We then initialize a class list and a color set:

# initialize the list of class labels MobileNet SSD was trained to
# detect, then generate a set of bounding box colors for each class
CLASSES = ["background", "aeroplane", "bicycle", "bird", "boat",
        "bottle", "bus", "car", "cat", "chair", "cow", "diningtable",
        "dog", "horse", "motorbike", "person", "pottedplant", "sheep",
        "sofa", "train", "tvmonitor"]
COLORS = np.random.uniform(0, 255, size=(len(CLASSES), 3))

On Lines 22-26 we initialize

CLASS

labels and corresponding random

COLORS

. For more information on these classes (and how the network was trained), please refer to last week’s blog post.

Now, let’s load our model and set up our video stream:

# load our serialized model from disk
print("[INFO] loading model...")
net = cv2.dnn.readNetFromCaffe(args["prototxt"], args["model"])

# initialize the video stream, allow the cammera sensor to warmup,
# and initialize the FPS counter
print("[INFO] starting video stream...")
vs = VideoStream(src=1).start()
time.sleep(2.0)
fps = FPS().start()

We load our serialized model, providing the references to our prototxt and model files on Line 30 — notice how easy this is in OpenCV 3.3.

Next let’s initialize our video stream (this can be from a video file or a camera).

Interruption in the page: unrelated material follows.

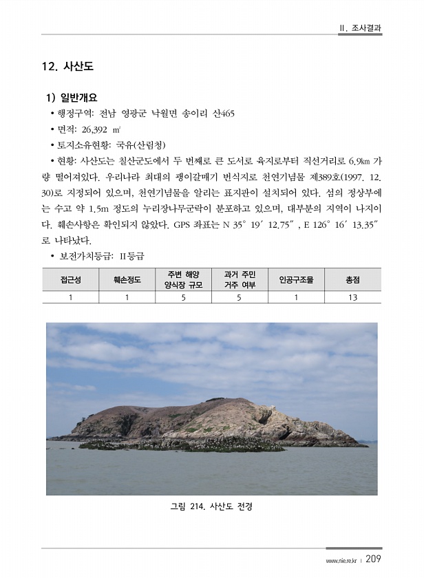 Ⅱ. 조사결과 www.nie.re.kr ? 209 12. 사산도 1 일반개요 ? 행정구역전남 영광군 낙월면 송이리 산465 ? 면적26,392 ㎡ ? 토지소유현황국유 산림청 ? 현황사산도는 칠산군도에서 두 번째로 큰 도서로 육지로부터 직선거리로 6.9㎞ 가 량 떨어져있다. 우리나라 최대의 괭이갈매기 번식지로 천연기념물 제389호 1997. 12. 30 로 지정되어 있으며, 천연기념물을 알리는 표지판이 설치되어 있다. 섬의 정상부에 는 수고 약 1.5m 정도의 누리장나무군락이 분포하고 있으며, 대부분의 지역이 나지이 다. 훼손사항은 확인되지 않았다. GPS 좌표는 N 35°19′12.75″, E 126°16′13.35″ 로 나타났다. ? 보전가치등급Ⅱ등급 접근성 훼손정도 주변 해양 양식장 규모 과거 주민 거주...

First we start the

VideoStream

(Line 35), then we wait for the camera to warm up (Line 36), and finally we start the frames per second counter (Line 37). The

VideoStream

and

FPS

classes are part of my

imutils

package.

Now, let’s loop over each and every frame (for speed purposes, you could skip frames):

# loop over the frames from the video stream
while True:
        # grab the frame from the threaded video stream and resize it
        # to have a maximum width of 400 pixels
        frame = vs.read()
        frame = imutils.resize(frame, width=400)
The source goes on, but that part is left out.